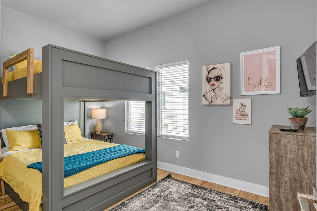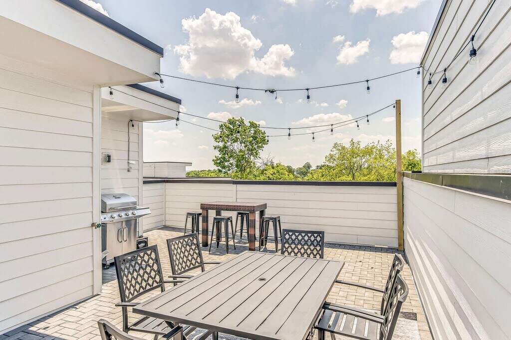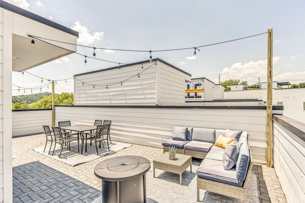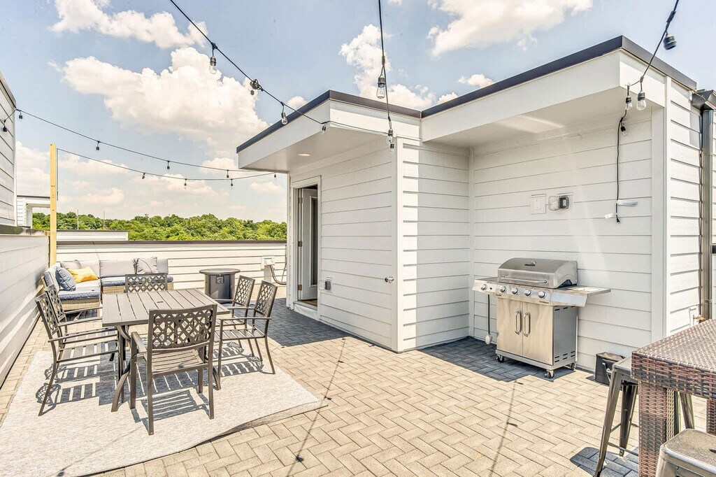 Feel at home in The Rooftop Record, a stylish Nashville retreat with four bedrooms and eight beds. This multi-level home is just 10–15 minutes from Broadway, offering the perfect blend of comfort, connection, and Nashville rhythm. This home features designer furnishings, Smart TVs in every room, and a chef’s kitchen fully equipped for family dinners or late-night snacks. The open floor plan keeps the conversation flowing between the kitchen, dining, and living room, perfect for entertaining. A washer and dryer are located on Level 3. Enjoy the private rooftop deck with lounge seating and a fire pit, a grill and outdoor dining area, high-speed Wi-Fi, fresh towels, linens, and kitchen essentials. Two-car garage parking is available, and free street parking is available. Located just minutes from downtown, this neighborhood blends local charm with easy access to the city’s top attractions. Explore nearby coffee shops, art galleries, and boutiques that capture the creative spirit of Music City. You’ll find everything from Southern comfort food to upscale modern fare just around the corner. This home puts you close to it all, where Nashville’s rhythm meets everyday convenience. Smoking is not allowed inside the property or near open doors or windows, and a minimum $500 fine applies for violations. Quiet hours are from 10 pm to 8 am on weekdays and 12 am to 8 am on weekends. Registration Number: [SI]
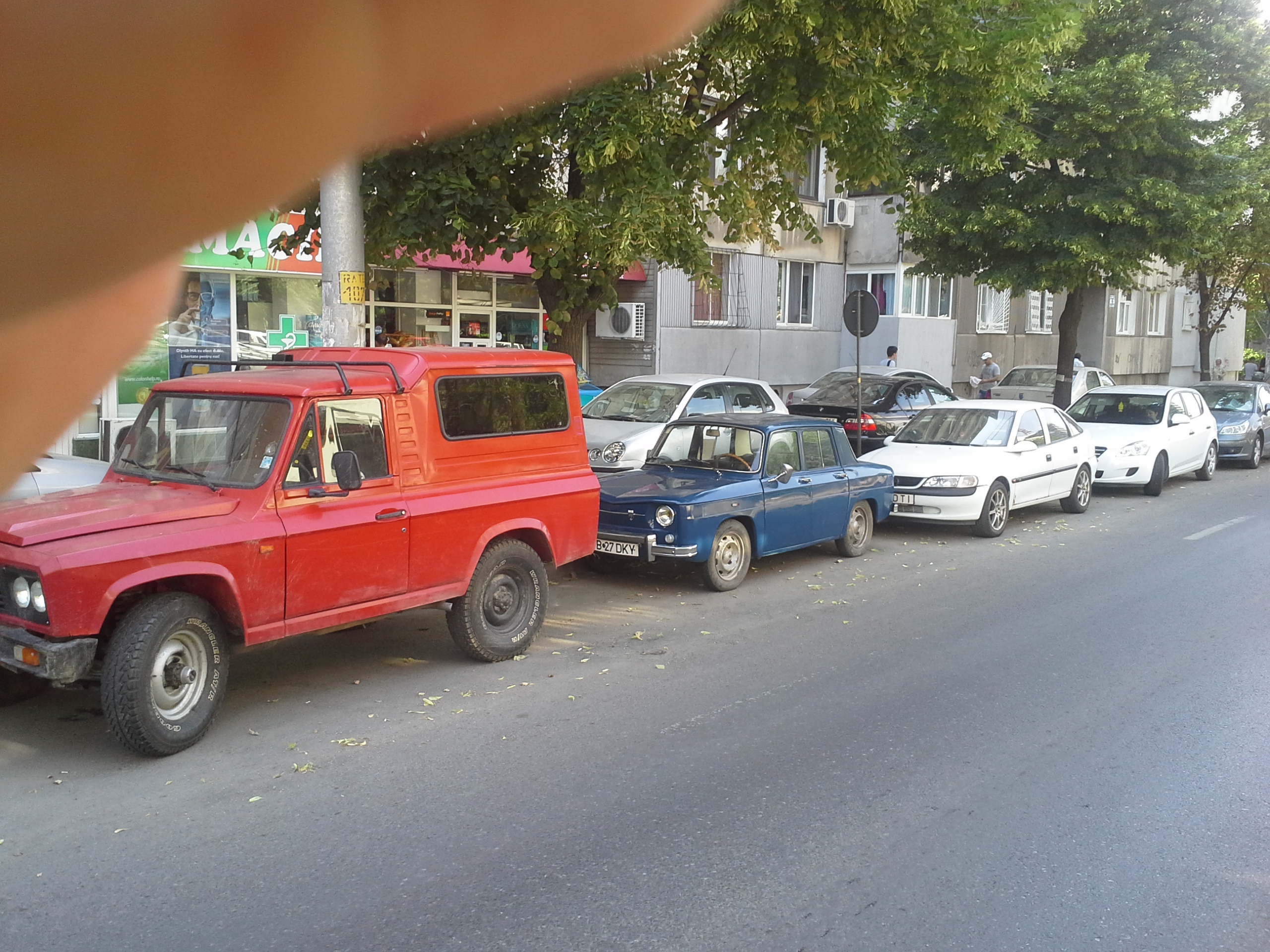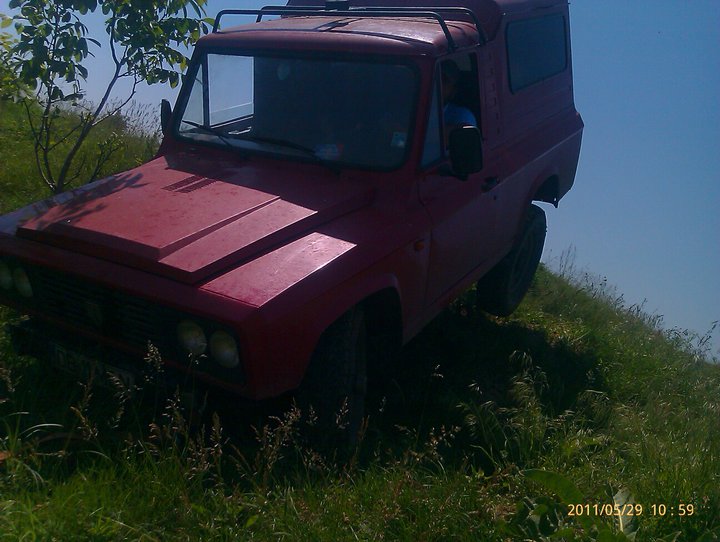 ARO 243 Culoare: Rosu - de aici si numele Motorizare - D127 Transmisie: CV in 4, grupuri 8/33, blocand spate actionat prin cablu (deocamdata nefunctional, trebuie reglata cursa) Anvelope: Goodiear Wrangler A/T 235/85/R16 montate pe jantele originale pe ARO de 16 - arata bine, inalta masina dar sunt cam mari chiar si pentru motorizarea Brasocv si grupuri 8/33 Geamurile laterale si luneta acoperite cu folie neagra - cam nasol la vizibilitate (oricum in 243 e mai complicata vizibilitatea) dar foarte oki la pastra un mediu ambiant placut chiar si-n zilele toride Bari: nu prea are, in spate deloc, in fata am atarnat o ruginatura ca sa fac "ïdentificarea" la RAR
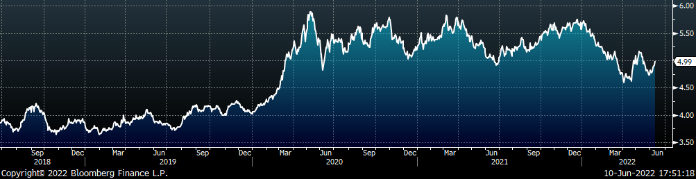 Last week, the July WTI crude oil future gained $1.80 or 1.5% to $120.67/bbl. The aggregate inventory level was up 0.5% and crude oil production was steady at 11.9m bbl/day. The Baker Hughes North American rig count was up 30 rigs, and the U.S. rig count was up 6.
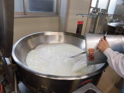 今日は、「いい歯の日」です。「11(いい)8(は)の日」ということで、歯や口の健康について考える日です。今日の献立には、豆腐、わかめ、牛乳など、カルシウムを多く含む食材を使っています。2枚目の写真は、ミルクゼリーを作っている様子です。
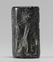 Keywords: Inscriptions - Walters 42582 - Side B.jpg The depicted scene includes a lion and a griffin both on hind legs attacking a horned quadruped The horned quadruped's body faces the lion but its head is turned to face the griffin Behind the griffin is another figure the top of which is difficult to read but the legs on which it stands are that of a bull bull-man A cuneiform inscription in two registers borders the scene date Old Babylonian black stone cm 2 5 1 3 h x diam accession number 42 582 12556 Sadie Jones Mrs Henry Walters New York date and mode of acquisition unknown Sale Joseph Brummer New York 1941 Walters Art Museum 1941 by purchase Museum purchase 1941 Inscription place of origin Egypt Walters Art Museum license Cylinder seals in the Walters Art Museum Art of the ancient Near East Walters cylinder seal 42582 Walters Art Museum cylinder seals with cuneiform Media contributed by the Walters Art Museum needs category review
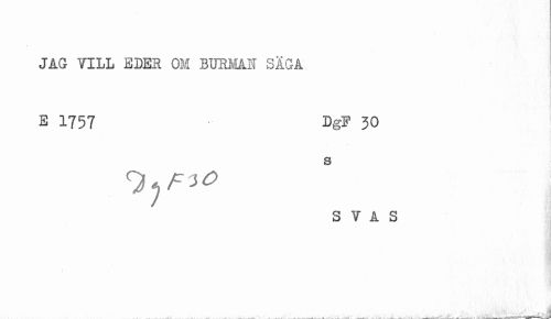 //// JAG TILL EDER OM BURMAN SÄGA //// E 1757 Dg*' 30 //// S V A S //// ...-a. . . ^ -. i. . i . ___&___a ___-. .^i . u.., - 1 X. ////
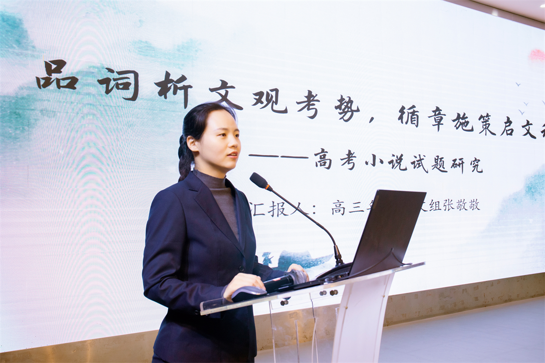 在文科组汇报中,语文组张敬敬老师聚焦小说阅读命题趋势,提出构建知识体系、强化文本细读等备考策略;英语组郭紫君老师针对记叙文阅读失分问题,分享了语境解读、结构化阅读等应对方法;政治组屈远霄老师围绕核心素养,强调通过模型构建与热点结合提升解题能力;历史组黄嘉幸老师聚焦历史解释素养,探索了多维度史料分析与批判性思维培养路径;地理组杨思璇老师以尺度思维为核心,总结了定位、拆解、关联、验证的四步教学法。
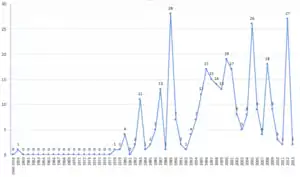 A study conducted by David Bandurski as part of the China Media Project at the University of Hong Kong selected 143 text samples of the phrase from excerpts from the People's Daily published between 1959 and 2015; from this sample, Japan was most frequently accused of "hurting the feelings of the Chinese people" with 51 occurrences, while the United States ranked second at 35 occurrences. In terms of specific issues which drew condemnation through the catchphrase, 28 were in relation to the political status of Taiwan, while the Tibetan sovereignty debate drew condemnation with the phrase 12 times.[4] Bandurski later wrote in 2019 that the phrase appears around at most four times in the People's Daily each year, though there was a slight uptick in 2012.[21]
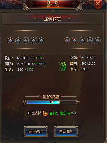 激活鉴定项可以给玩家角色带来大量的属性加成,属性加成的属性项有:物攻、魔攻、道攻、物防、魔防、生命、准确、闪避等属性,激活不同的鉴定项和进阶不同的进阶项可以带来不同的属性加成,例如鉴定百炼灯可以增加角色的物防、魔防和生命属性,鉴定唤神珠可以增加角色物攻、魔攻、道攻和暴击属性,这里小编就不一一介绍了,玩家可以自行体验。
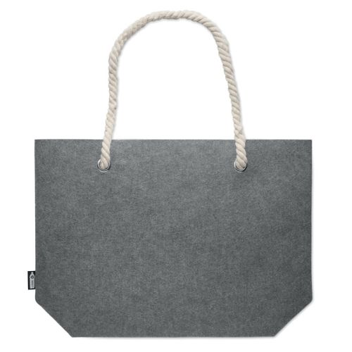 Denne rummelige strandtaske er lavet af robust RPET-filt, et bæredygtigt materiale fremstillet af genbrugte PET-flasker. Med en filt tykkelse på 2 mm er tasken både solid og samtidig let. Tasken fås i 3 farver og har robuste snorhåndtag, der sikrer komfortabel bæring. Perfekt til en dag på stranden eller til indkøb.
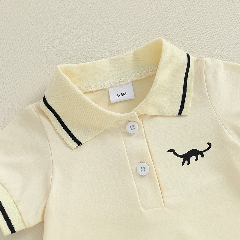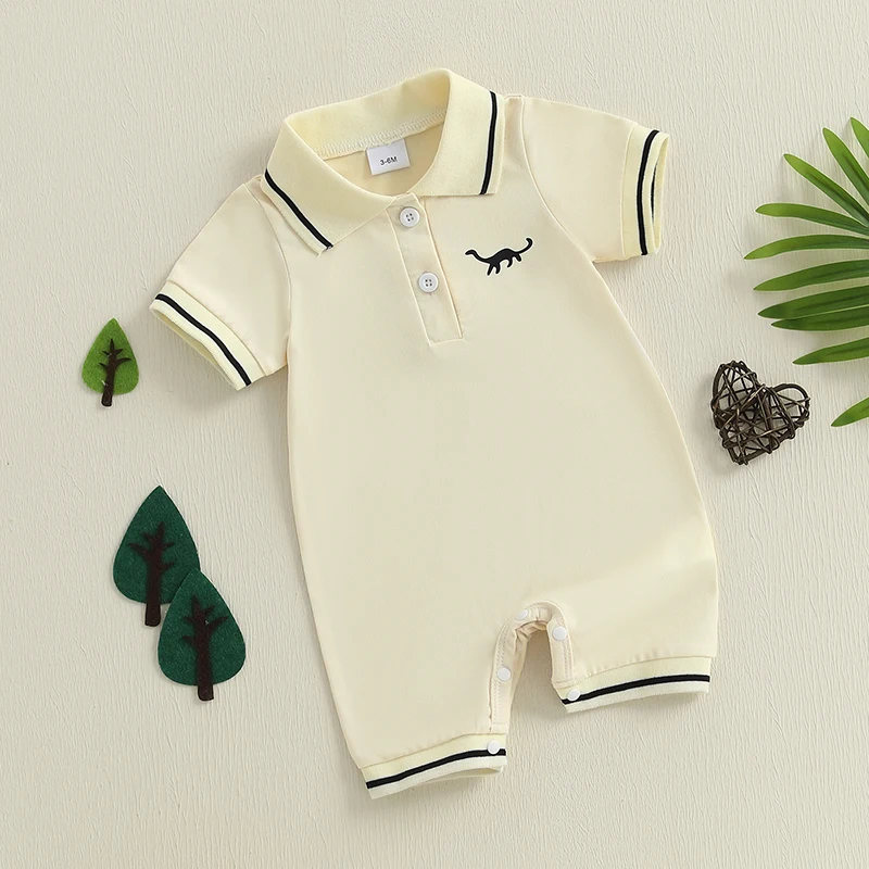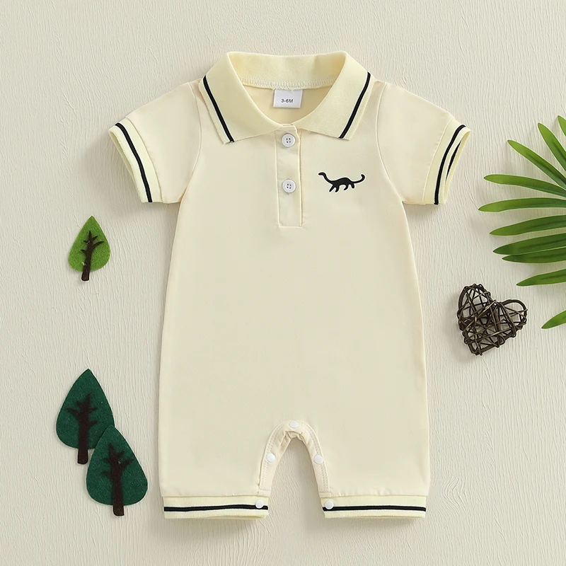 Pelele de manga corta para bebé de 0 a 18 meses, mono con cuello medio abotonado de dinosaurio, ropa bonita de verano
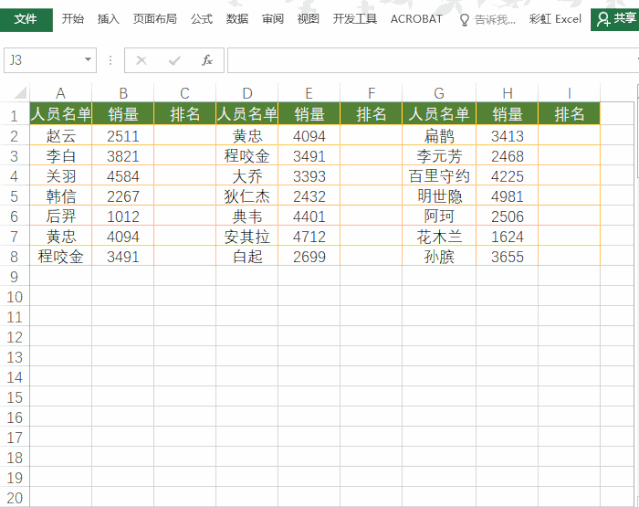 扁舟重過九青蓮,極目空明思浩然??墒钱嫻┛坍?,只因山骨偶枝駢。風(fēng)高迥認(rèn)龍騰海,云散初疑劍插天。剩采太湖嵌孔石,南窗排列佇飛仙。 -------[宋] 孔武仲《九華山》 排序的函數(shù),如果大家對Excel基礎(chǔ)函數(shù)比較了解的話,應(yīng)該都知道RANK函數(shù)。 我們在實際工作中,常常把RANK函數(shù)用于對一列數(shù)據(jù)的基本排序,即從大到小的排序方法,那你還知道它的其他什么用法嗎? 今天就給大家系統(tǒng)的分享下RANK函數(shù)的用法,分享的內(nèi)容主要為以下這6種技巧。 1、升序排列 2、降序排列 3、多列數(shù)據(jù)排名 4、多條件排名 5、不出現(xiàn)相同排名(以出現(xiàn)順序進(jìn)行優(yōu)先排列) 6、跨多表排名 首先我們先了解下RANK函數(shù)的基本定義。 RANK(number,ref,order) number:要查找排名的數(shù)值 ref:參與排名的單元格區(qū)域,非數(shù)字值將被忽略。 order:代表排位方式,0或不填的時候為降序排列,即最大值為第一名;非零時為升序排列,即最小值為第一名 知道了RANK函數(shù)的基本定義,下面我們來看下它的具體使用技巧。 技巧一、升序排列 比如我們把下面的數(shù)據(jù),按銷量由小到大進(jìn)行升序排列,要如何做呢? 只需要在E2單元格輸入如下公式,即可。 =RANK(D2,$D$2:$D$24,1) 按RANK函數(shù)的參數(shù)定義,當(dāng)order,非0時即為升序排列。 技巧二、降序排列 同樣是使用如上的數(shù)據(jù),按銷量對數(shù)據(jù)從大到小進(jìn)行排序,最大值即為1。 E2單元格公式: =RANK(D2,$D$2:$D$24) 技巧三、多列數(shù)據(jù)排名 比如如下樣式,我們有多列數(shù)據(jù),我們想將多列不同的數(shù)據(jù),同樣按銷量大小進(jìn)行排名,要如何進(jìn)行操作呢? 操作步驟: 1、選中A1:I8數(shù)據(jù)區(qū)域,按Ctrl+G定位 2、定位條件,選中【空值】,點擊確定 3、輸入如下公式,然后按Ctrl+Enter填充,即可 =RANK(B2,($B$2:$B$8,$E$2:$E$8,$H$2:$H$8)) Ps:特別需要注意的是,我們的參數(shù)2Number是3個區(qū)域的合并,中間是使用英文逗號','連接。 技巧四、多列條件排名 我們有如下的數(shù)據(jù),可以看到部分同學(xué)的物理化學(xué)的總分是一樣的,比如'趙云','李白','妲己'都是179分,如果總分一樣,我們再依物理成績的大小進(jìn)行排序,這要如何去做呢? 操作步驟: 1、首先我們在E列增加一個輔助列,輸入如下公式: =D2*1000+B2 公式理解: 當(dāng)我們把總分進(jìn)行放大1000倍的時候,總分之間的大小是不變的,再加上物理的成績,即實現(xiàn)了大小區(qū)分 2、在F列輸入公式: =RANK(E2,$E$2:$E$10) 3、最后再隱藏輔助列即實現(xiàn)了多條件排序 技巧五、不出現(xiàn)相同排名(以出現(xiàn)順序進(jìn)行優(yōu)先排列) 首先我們要理解此技巧是什么意思呢? 我們在實際排序的時候,偶爾會遇到數(shù)據(jù)是相同的,我們在進(jìn)行排名的時候,這些排名往往是相同的,就比如如下案例: '黃忠''程咬金'的銷量相同,排名都為第2,那如果我不想讓它出現(xiàn)相同的排名,而是以'黃忠'先參與排名,排名為2,'程咬金'后參與排名,排名為3,其他類似,這樣的排名要怎么做? 很簡單,主要我們在參與排名的時候,增加個計數(shù)統(tǒng)計即可。 在D2輸入公式: =RANK(B2,$B$2:$B$11)+COUNTIF($B$2:B2,B2)-1 可以發(fā)現(xiàn),排名是按出現(xiàn)的順序依次進(jìn)行的。 這個函數(shù)的關(guān)鍵在于COUNTIF函數(shù)的應(yīng)用,COUNTIF($B$2:B2,B2)-1公式中第一個B2是絕對引用的,當(dāng)公式向下拖動時,即可以得到相應(yīng)的數(shù)據(jù)是第幾次出現(xiàn)的,然后再加上原始排名即可。 技巧六、跨多表排名 我們有下面的4張工作表,每個工作表都有一部分?jǐn)?shù)據(jù),其中D列均為銷量,我們?nèi)绾胃鶕?jù)所有的表進(jìn)行銷量排名呢? 我們點擊E2單元格,輸入如下RANK函數(shù): =RANK(D2,銷售1部:銷售4部!$D$2:$D$7) number選擇D2,輸入ref內(nèi)容時,點擊'銷售1部',按住Shift鍵,再點擊'銷售4部',選擇D2:D7單元格,按F4把區(qū)域絕對引用。 其他各個工作表同樣輸入此公式即可。 Ps:特別需要注意的是,引用的區(qū)域必須是所有工作表里行數(shù)范圍最大的,否則統(tǒng)計數(shù)據(jù)不是所有的內(nèi)容 其他內(nèi)容 最后再給大家分享下RANK函數(shù)家族的其他函數(shù),RANK.EQ和RANK.AVG 各個函數(shù)支持的Excel版本及參數(shù)含義如下: 具體的操作可看下面的圖: RANK.EQ和RANK的用法一致,RANK.AVG返回數(shù)據(jù)的平均排位,比如上面的數(shù)據(jù)'趙云''李白'的排名使用RANK及RANK.EQ函數(shù)均為3,而RANK.AVG函數(shù)為3.5,及排名為第3、4名的平均值,更多需要需要大家再發(fā)掘下。 如果覺得文章對你有幫助的話,希望大家?guī)兔c贊加分享哦~,謝謝 本文由彩虹Excel原創(chuàng),歡迎關(guān)注,帶你一起長知識! |

........

**What you will do:**
Nothing except the lines from the one containing "A study conducted" through the one containing "Denne rummelige strandtaske" should appear in the answer, exactly as above and without pictures.

**Written answer:**
 A study conducted by David Bandurski as part of the China Media Project at the University of Hong Kong selected 143 text samples of the phrase from excerpts from the People's Daily published between 1959 and 2015; from this sample, Japan was most frequently accused of "hurting the feelings of the Chinese people" with 51 occurrences, while the United States ranked second at 35 occurrences. In terms of specific issues which drew condemnation through the catchphrase, 28 were in relation to the political status of Taiwan, while the Tibetan sovereignty debate drew condemnation with the phrase 12 times.[4] Bandurski later wrote in 2019 that the phrase appears around at most four times in the People's Daily each year, though there was a slight uptick in 2012.[21]
 激活鉴定项可以给玩家角色带来大量的属性加成,属性加成的属性项有:物攻、魔攻、道攻、物防、魔防、生命、准确、闪避等属性,激活不同的鉴定项和进阶不同的进阶项可以带来不同的属性加成,例如鉴定百炼灯可以增加角色的物防、魔防和生命属性,鉴定唤神珠可以增加角色物攻、魔攻、道攻和暴击属性,这里小编就不一一介绍了,玩家可以自行体验。
 Denne rummelige strandtaske er lavet af robust RPET-filt, et bæredygtigt materiale fremstillet af genbrugte PET-flasker. Med en filt tykkelse på 2 mm er tasken både solid og samtidig let. Tasken fås i 3 farver og har robuste snorhåndtag, der sikrer komfortabel bæring. Perfekt til en dag på stranden eller til indkøb.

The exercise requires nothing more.